Vibration level of the driving bearing for different values of error and bearing stiffness

In Fig. 8, the vibration level of the same bearing is plotted for different bearing damping values. It shows decreases in the vibration level by increasing the damping values at either of the bearings, which was to be expected. Next, the stiffnesses of the shafts between the motor and the driving gear and between the driven gear and the load are changed, and the results are shown in Fig. 9. This figure shows that the vibration level for most of that range of stiffness values is not noticeably sensitive to these shaft stiffnesses.

Fig. 8
figure 8

Vibration level of the driving bearing for different values of damping in gear bearings

Fig. 9
figure 9

Vibration level of the driving bearing for different values of input and output shafts stiffnesses

5 Conclusions

In this research work, a simplified model of a gear pair was used to study the vibrations caused by random manufacturing errors in the tooth profiles of gears.

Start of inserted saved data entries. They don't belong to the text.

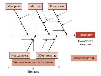 Диаграмма обеспечивает всестороннее видение процесса формирования качества и внешних условий его осуществления. К. Исикава разработал этот метод (который не является в полном смысле статистическим), чтобы помочь японским менеджерам анализировать проблемы, связанные с процессами, за которые они не несут ответственности. Он полагал, что любые причины могут быть связаны с одним из следующих факторов условий производства товара или предоставления услуги: (1) используемыми методами; (2) материалами; (3) рабочей силой; (4) оборудованием; (5) внешней средой. Помимо определения влияния отдельных причин диаграмма Исикавы позволяет установить взаимосвязи между ними. Применение этой диаграммы вполне совместимо с использованием метода мозгового штурма и поощряет вовлечение в процесс обсуждения разных людей, каждый из которых имеет возможность высказаться по известным ему отдельным аспектам проблем.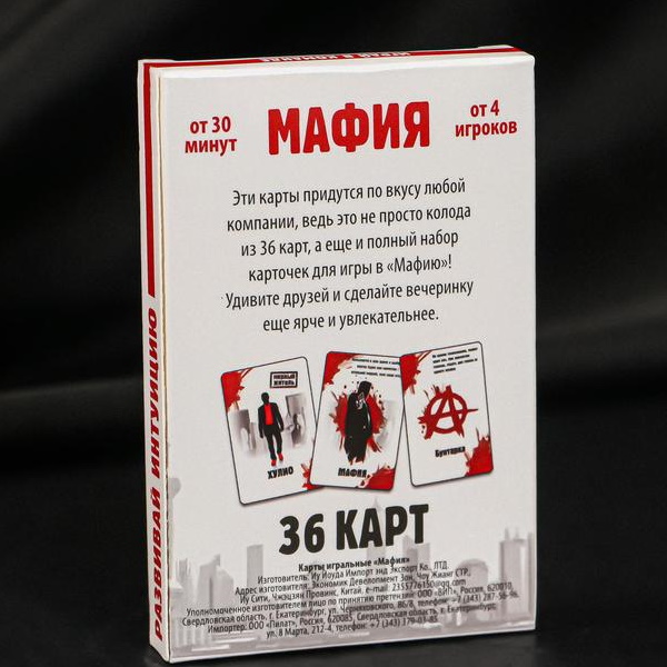 Классические карты в новом исполнении: на каждой карточке изображён персонаж из популярной игры «Мафия». Вы можете играть как в обычные карты, так и поменять формат: раздать карты, определиться с ролями участников, и пусть мафия начнёт охоту!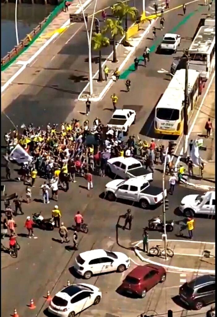 Em clima de campanha, bolsonaristas usaram até um carro de som para anunciar a presença do presidente, que desceu do carro no meio da rua. As imagens foram divulgadas por Bolsonaro nas redes sociais dando a aparência de que seria uma manifestação espontânea.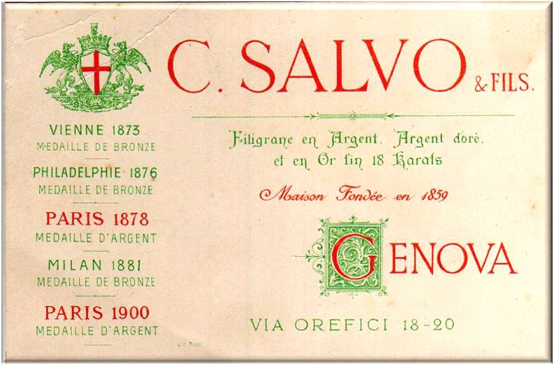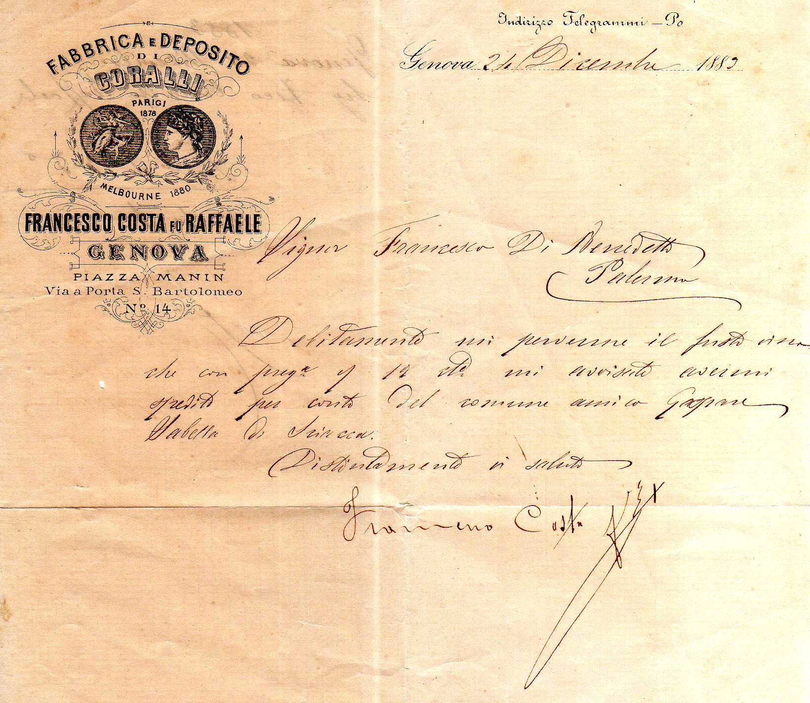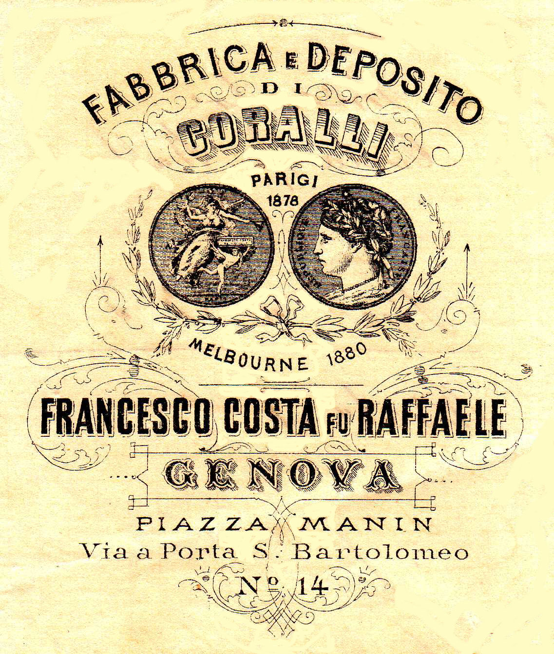 Fabbrica e Deposito di Coralli FRANCESCO COSTA FU RAFFAELE Genova piazza Manin Via a Porta S.Bartolomeo n°14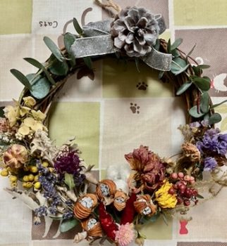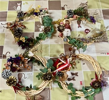 楽しくおしゃべりしながら、可愛らしいリースが完成しました。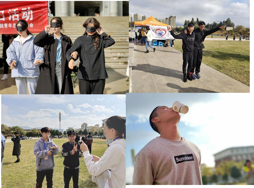 本次活动以摊位游戏的形式吸引广大学生参与到活动中来。活动设置了眼盲心明、“手”卫未来、知“足”常乐、手语传情以及书写祝福5个环节,让参与同学身临其境,体验残疾人士日常生活中面临的困难,自发地参与到关爱残疾人士的行列中。活动现场,同学们踊跃报名,志愿者们带领大家一同体验了残疾人士的世界。游戏结束后,大家一起分享活动过程中的点点滴滴,表达对残疾人士浓浓的敬意,书写对他们的满满关爱和衷心祝福。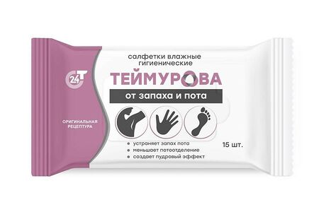 Салфетки влажные Теймурова гигиенические, от запаха и пота, 15 шт доставка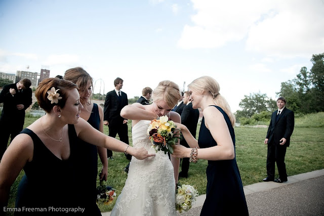 I had been looking forward to Sarah and Phil's wedding since I did their engagement photos last winter. They are such a genuine, sweet couple together. They've been together for close to 10 years already! Sarah summed it up while she was getting ready when she said "Phil and I don't keep any secrets. We tell each other everything, so when he said he didn't want to know what my dress looked like until I walked down the aisle, it was SO hard to keep it from him." In their truly playful way, Sarah teased him along the way by telling him she was going to wear a turtle necked short dress. I love it! We had so much fun taking photos with all of their wedding party. I love when a group has high energy and is up for anything. They had dueling pianos at their reception instead of a dj which turned out to be SO much fun. I even ended up standing on top of one to take dancing photos.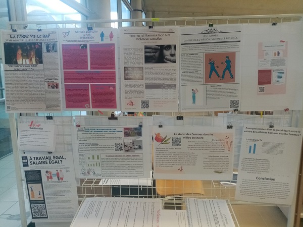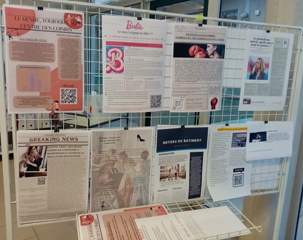 Les 25 « Unes » exposées au CDI abordent le sujet sous des angles variés, comme par exemple les femmes dans la NASA, les maïeuticiens (hommes exerçant le métier de sage-femme), les femmes dans la boxe, les inégalités face à la garde des enfants, la place des femmes dans le journalisme sportif, les différences de salaires, les femmes dans le Rap, les femmes réalisatrices dans l’histoire des César, les stéréotypes sexistes dans les jeux vidéo, etc… sans oublier le film Barbie.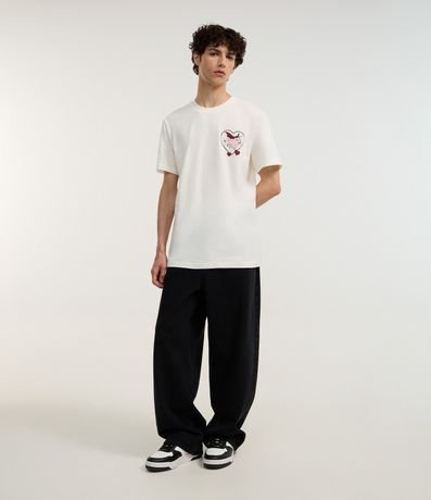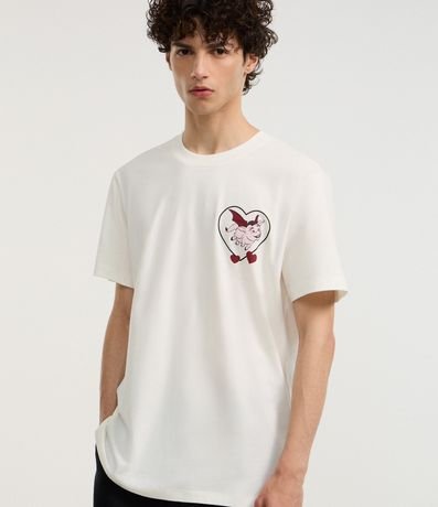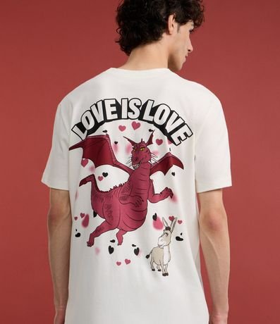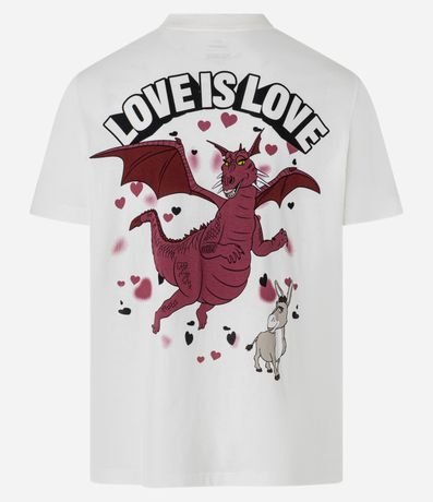 Camiseta masculina confeccionada em algodão mais sustentável através de boas práticas ambientais, no modelo comfort. Possui gola redonda, manga curta, estampa do desenho Shrek e estampa lettering "Love is love" frontais e traseiras.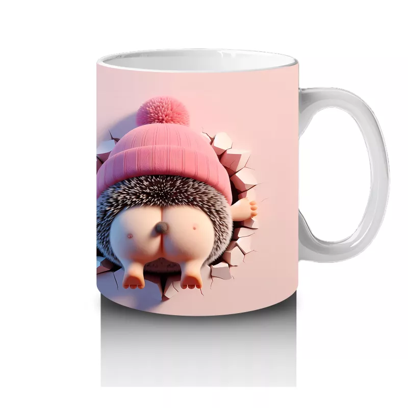 Kalpli Figür Tutan Pembe Bereli Kirpi Karakteri – Baskılı Kahve Kupası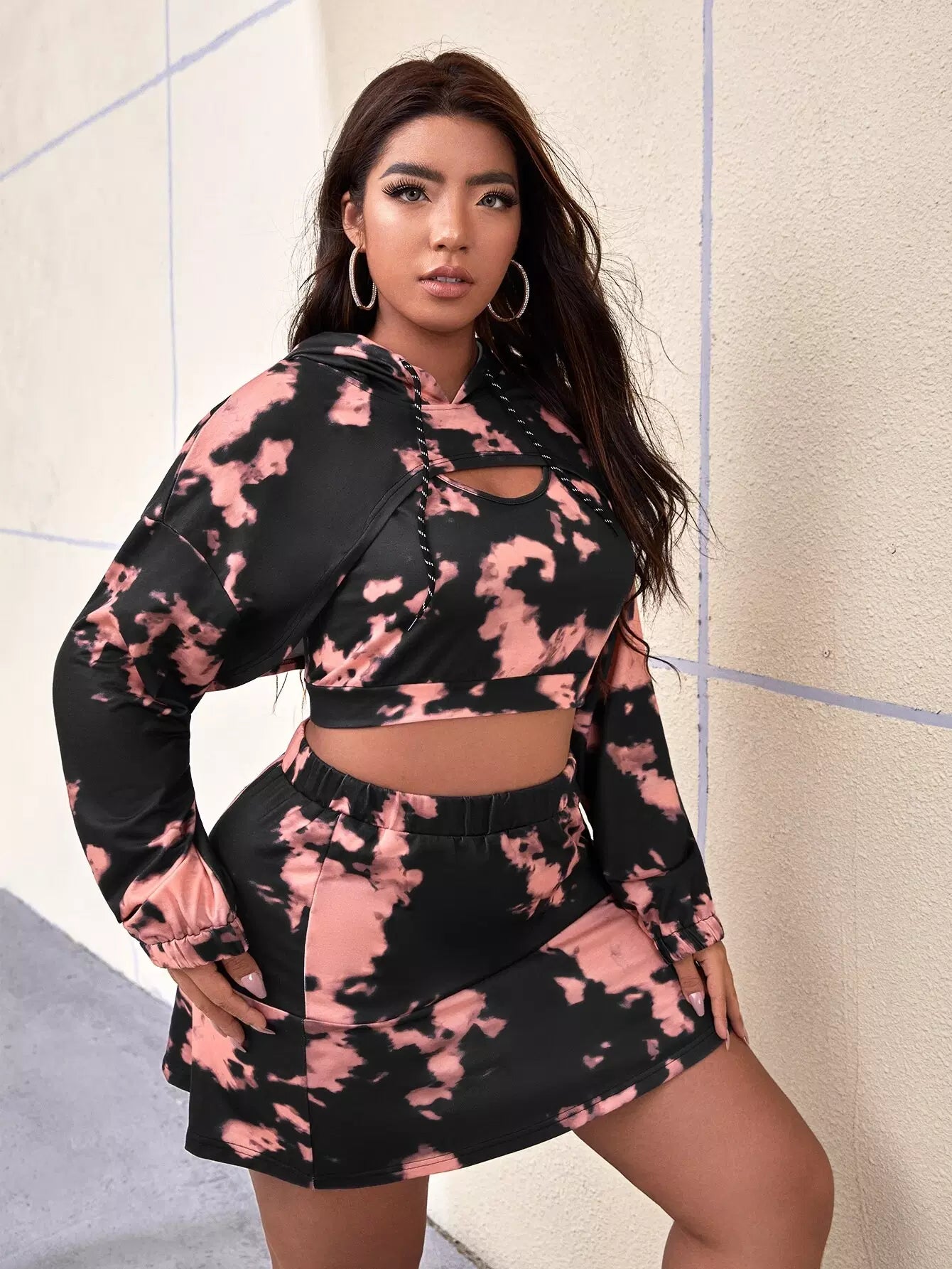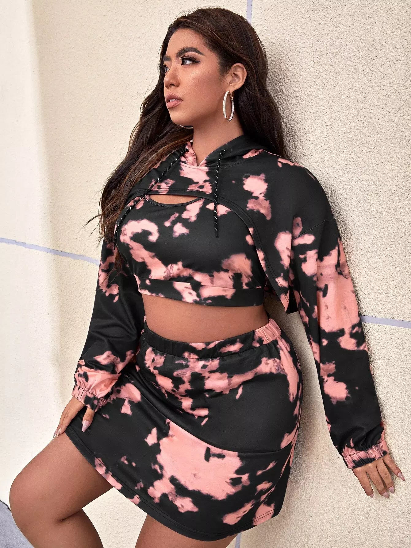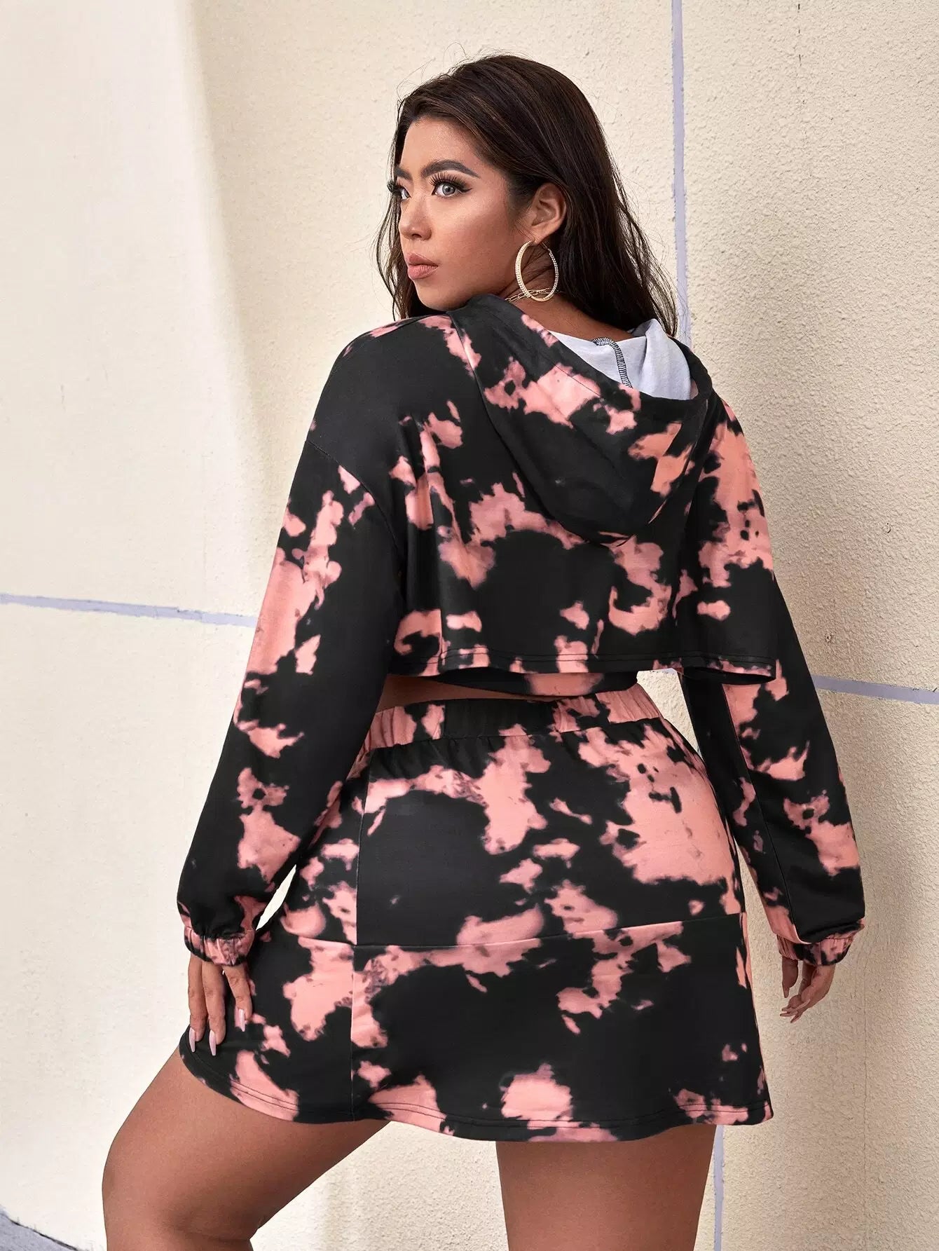Plus Tie Dye Drawstring Super Crop Hoodie & Tank Top & Skirt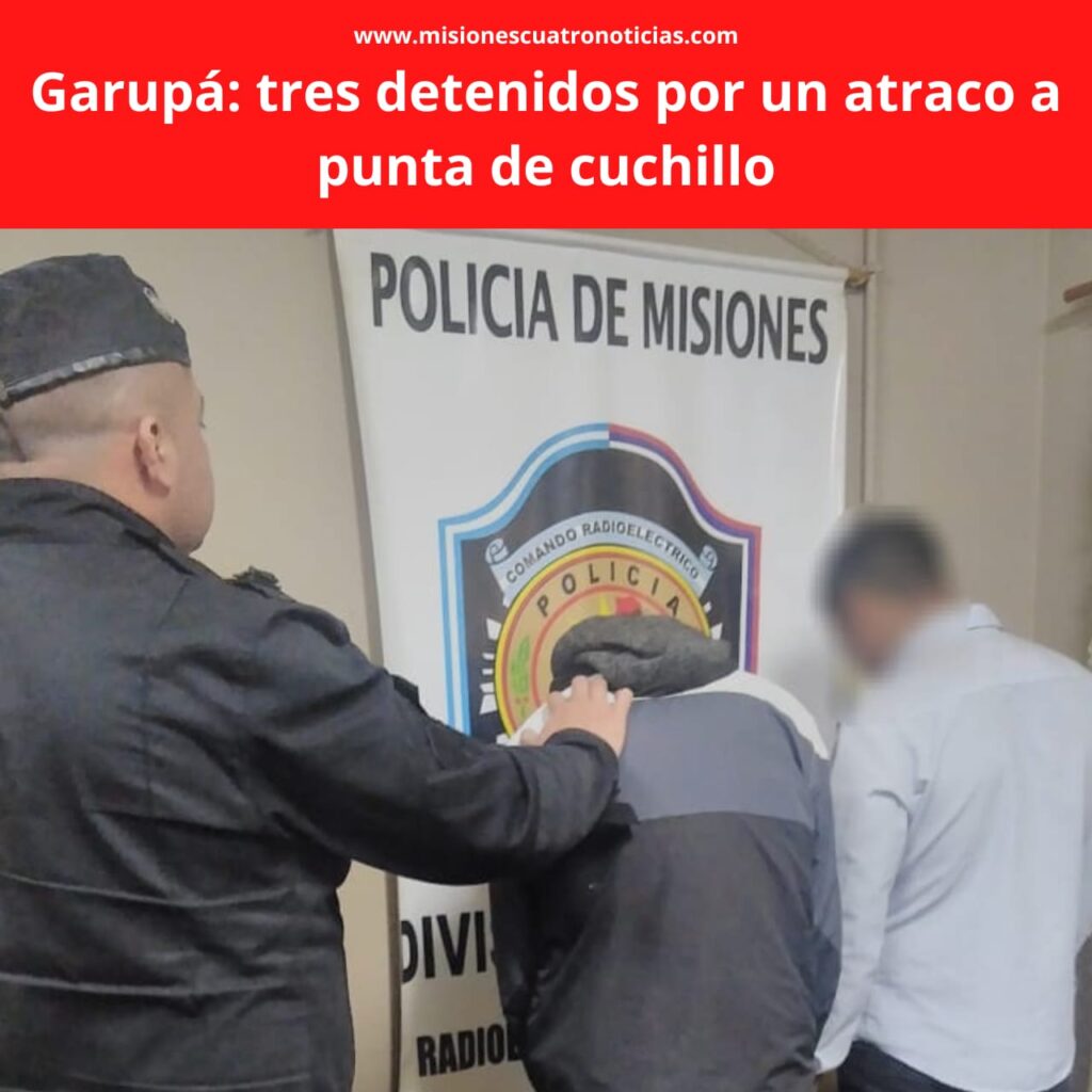 Tres hombres de 25, 26 y de 44 años fueron detenidos en la madrugada del sábado en inmediaciones a la colectora Tita Merello y la calle Santo Pipó de Garupá, por cometer un atraco callejero a punta de cuchillo.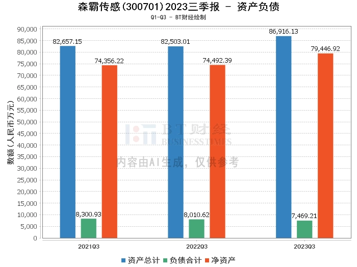 从资产负债方面来看,森霸传感2023年三季度的总资产为8.69亿元,相比上年度末的8.48亿元有所增长。负债合计为7469.21万元,较上年度末的9160.36万元有所减少。公司的净资产从上年度末的7.57亿元增长到本报告期末的7.94亿元。资产负债率从上年度末的10.8%下降到本报告期末的8.59%,显示出公司的财务结构正在优化。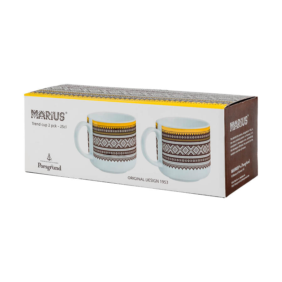 Porsgrunds Porselænsfabrik har designet moderne kopper med det tradisjonelle Mariusmønsteret. Krusene kommer i fargerike esker som 2-pk og kan også kjøpes enkeltvis, så du kan mikse og finne frem til din egen fargekombinasjon. MARIUS® mønsteret fra 1953 er vårt mest strikkede mønster og regnes som et norsk designikon. Mange nordmenn er dedikerte strikkere så hva kan vel være en bedre gave?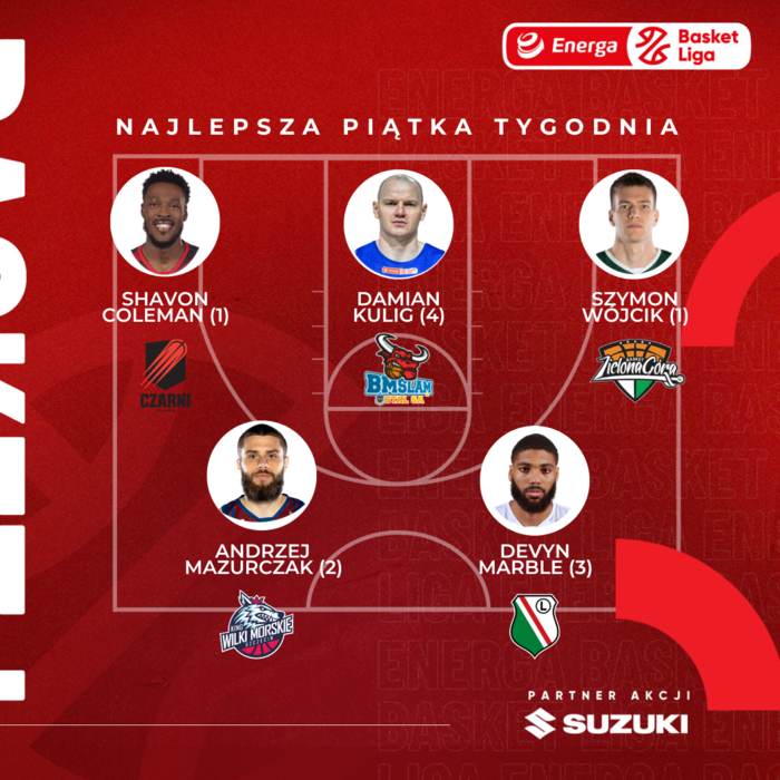 Andrzej Mazurczak, Devyn Marble, Shavon Coleman, Szymon Wójcik, Damian Kulig- to najlepsza piątka 10. tygodnia Energa Basket Ligi. Partnerem akcji jest Suzuki Motor Poland.

The transfer functions between the excitation source, which is the manufacturing error, and the common measurement locations were obtained. The equations for obtaining the mean square of translational vibrations of a point on the bearing of one of the gears in the case of a limited-frequency random error were extracted as an example. The results were validated by comparing them with Monte Carlo simulation results. Then, the total vibration level was studied for different severities of manufacturing error. The comparison between the vibration levels in these cases verified the contribution of the manufacturing error to total vibration of the system. Finally, the faster computational speed of the proposed method made it possible to conduct a study on the effect of changing system parameters on the vibrations. The vibrations caused by the manufacturing error were also predicted for different values of system parameters, which showed that the overall vibration levels were sensitive to changes in the values of system parameters. The results can be used for designing gearboxes and predicting the normal vibration levels of machines for vibration trending and condition monitoring in cases where random noticeable manufacturing errors may be present. This method can easily be used to study the effect of random manufacturing error on the torsional vibrations of the system using the related transfer functions. Compared to the simulations based on numerical solutions of equations of motion, the proposed approach reduces the computational time of simulations in the design process significantly.